ESK That looks like an unhandled language exception. Someone is enumerating a dictionary using NSFastEnumeration, and the dictionary was mutated during that process.
KWN Right. But why didn’t this trigger a crash report?
ESK Ah, I think I know that one. This is on the Mac, right? And this is about a pref pane, meaning it’s UI code, so the code is probably based on AppKit. AppKit has a default exception handler that catches all language exceptions raised by code run from its run loop. It logs the exception and then swallows it, allowing the app to continue running.
KWN Who thought that was a good idea!?!
ESK What were you telling me about snarky comments?
KWN Yeah, right, focus. So, the next step is to get a backtrace to see where this dictionary is being used. But this is a pref pane, so we can’t just run it from Xcode. We have to debug the system process that’s loading the pref pane. How can we do that?

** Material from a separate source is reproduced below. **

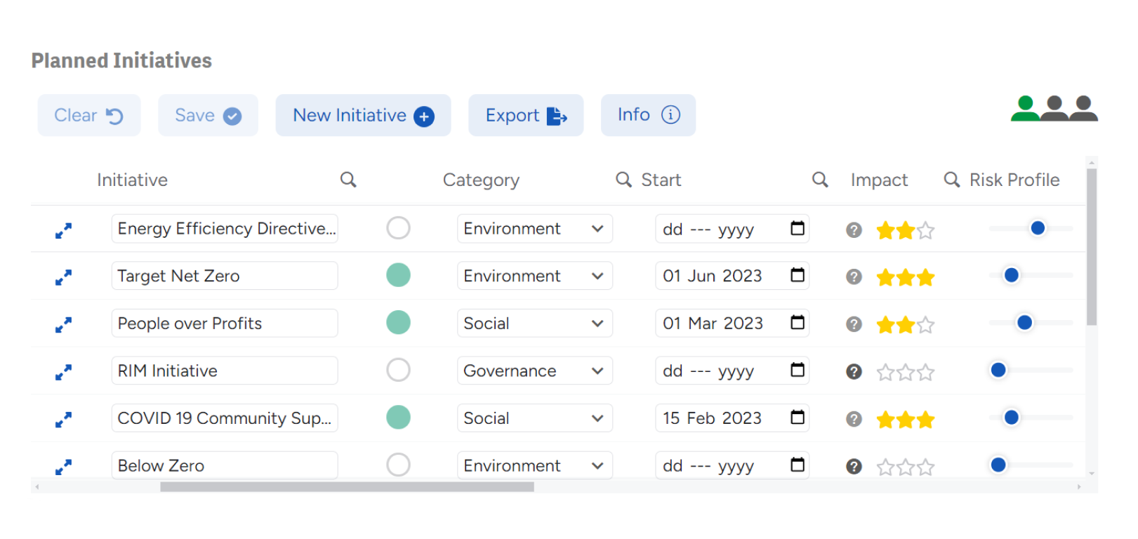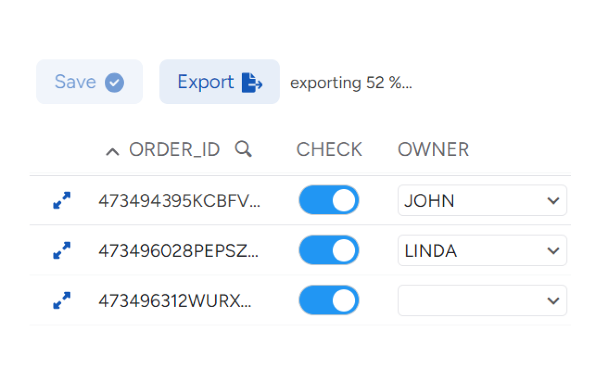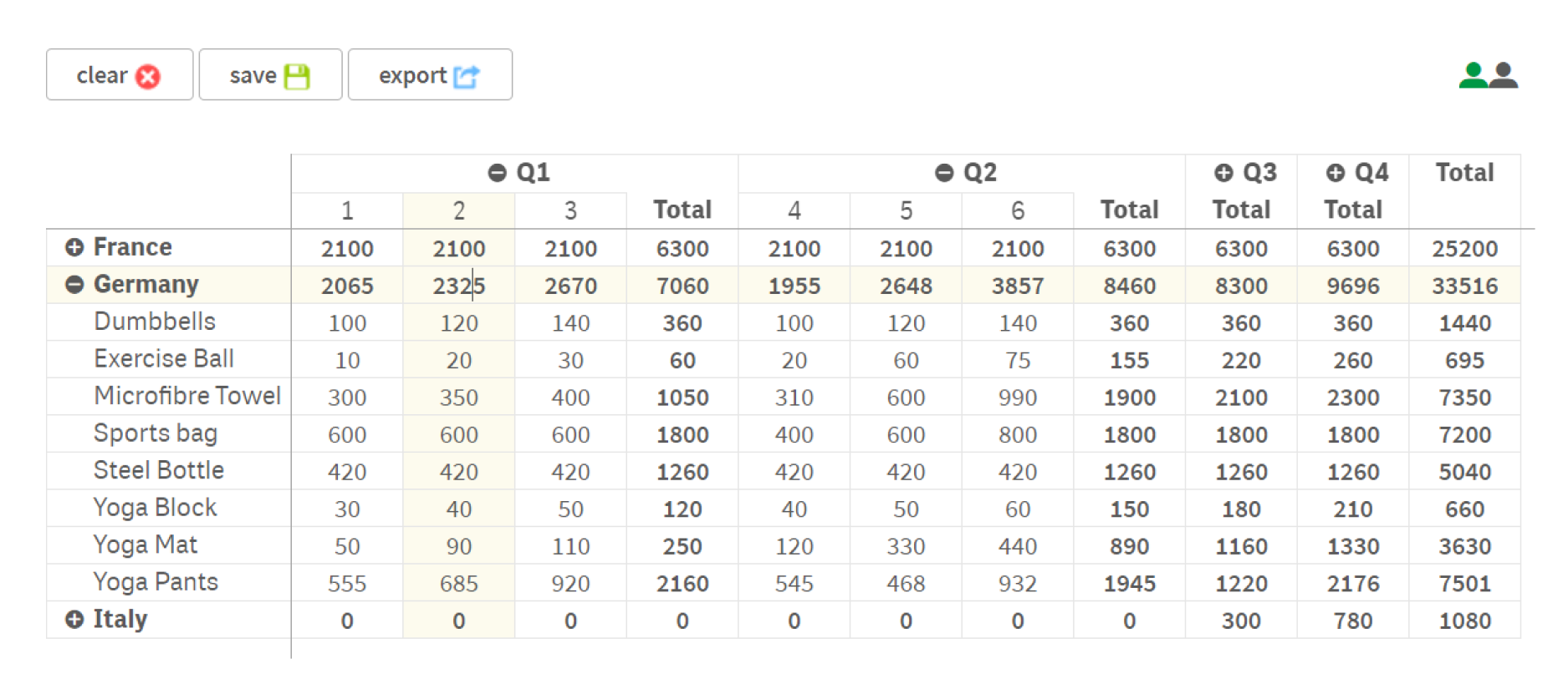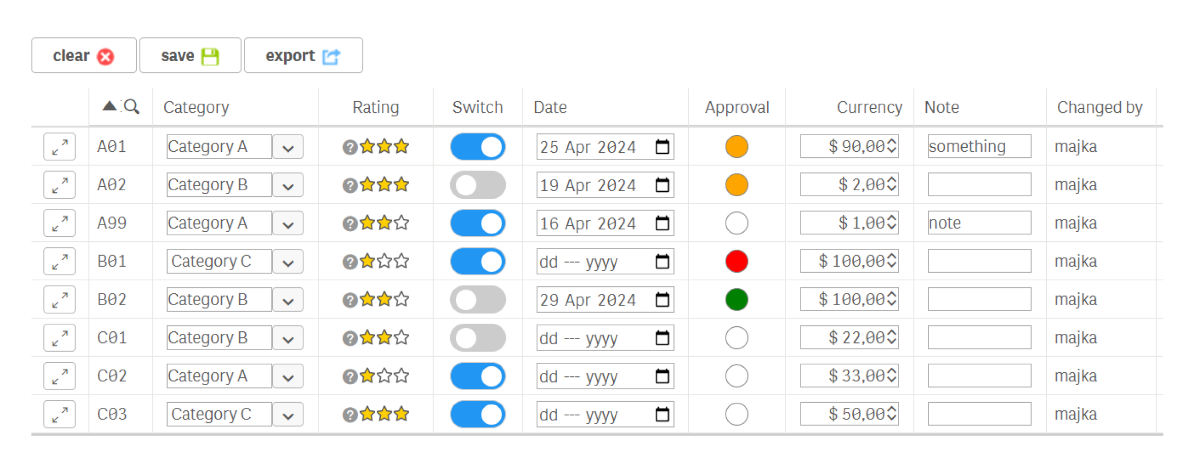 Olyan tábla, ami Qlik dimenziókat és mérőszámokat szerkeszthető mezőkkel kombinál. Ideális strukturált áttekintésekhez vagy több sor egyidőben történő frissítéséhez.

ESK Well, the log entry says the message is coming from a process called legacyLoader. Try attaching to that with LLDB.
KWN That fails due to System Integrity Protection (SIP):
Code Block % lldb (lldb) process attach -n legacyLoader error: attach failed: cannot attach to process due to System Integrity Protection
ESK What happens if you apply the universal ‘try harder’ modifier, sudo?
KWN Same thing.
ESK OK, it looks like you’ll actually have to disable SIP. There’s instructions for that in the System Integrity Protection Guide. You’re on a ‘victim’ machine, right? Disabling SIP on a production machine is a bad idea.
KWN Dude, I’m working in a VM [virtual machine]!
ESK Smart. So, what do you see if you disable SIP?
KWN I can attach. Yay! But I still can’t get a backtrace. Here’s what I see:
I run System Preferences. Before I click on MyPrefsPane, I can’t attach because legacyLoader isn’t running.
I then click on MyPrefsPane. This causes legacyLoader to run but I can’t catch the problem in action because it happens before I can attach.
Once I’m attached, I tried clicking on MyPrefsPane again. This doesn’t reproduce the problem. It seems like System Preferences caches the fact that this prefs pane is ‘dead’.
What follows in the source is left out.